The peptide segments related to thrombin cleavage were significantly lower than the HCs in both the first and second infections during the 1–3 months after infection, and the recovery of these peptides was limited even at 6 months post-infection. This result suggests that thrombin activity likely decreases after infection, and its recovery is relatively slow. Another enzyme related to fibrinogen is plasmin. […] Contrary to thrombin cleavage, we found that the peptide sequences produced by plasmin cleavage were significantly higher than the HCs during the 1–6 months post-infection. This suggests that plasmin activity likely increases during the recovery period after infection.

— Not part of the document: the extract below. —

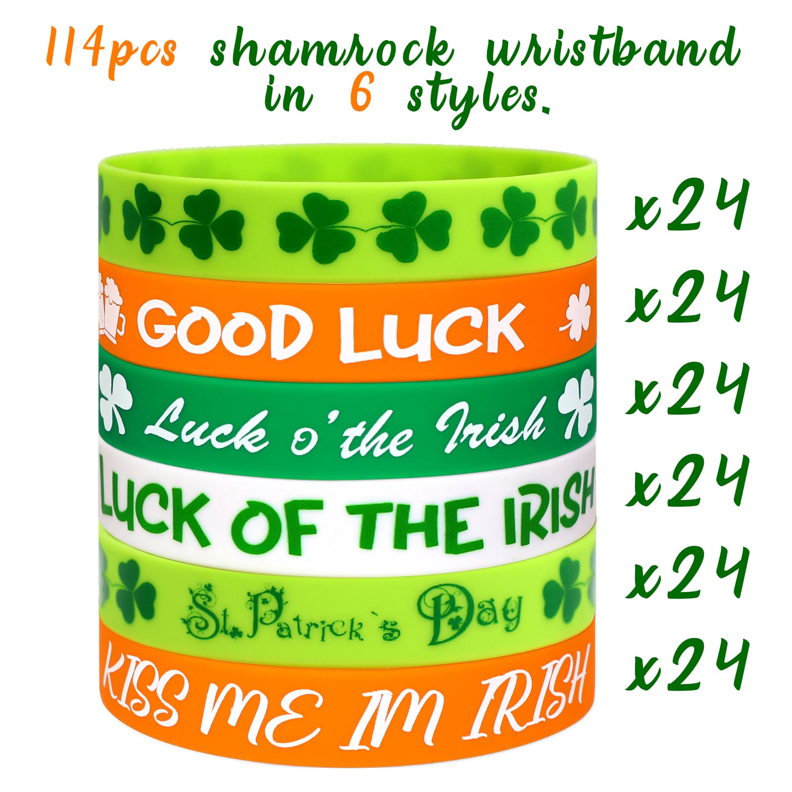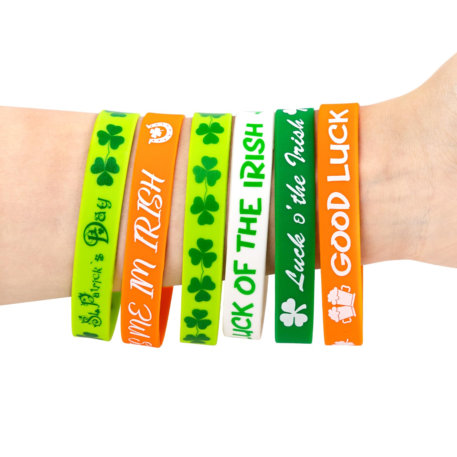 Moon Boat 144Pcs St. Patrick'S Day Shamrock Rubber Wristbands Bracelets - Party Favors Supplies Gifts Decorations, 6 Styles

Complement 3 (C3) is an important protein in the complement activation cascade. […] The decline of C3f is even more significant during the recovery period after a second infection. However, the signal of C3f in HCs is relatively high, almost close to the levels just after recovery from infection. This result suggests that the cleavage of C3 may be regulated by different mechanisms under infected and non-infected conditions.

We found that not only cholesterol metabolism, but also abnormalities in lipid and vitamin digestion and absorption also continue after recovery.

Changes in complement and coagulation functions are significant characteristic and risk factor of COVID-19 infection. Neutrophil extracellular traps enriched with complement factors are key influencers of immune thrombosis formation in COVID-19. Our results show that even in mild infections, abnormal regulation of complement and coagulation functions persists post-recovery, which may last for several months. During the entire recovery period we monitored, the products of fibrinogen cleaved by thrombin and plasmin showed significant changes, indicating that the balance of hemolysis and coagulation might still be disturbed to a certain extent after recovery.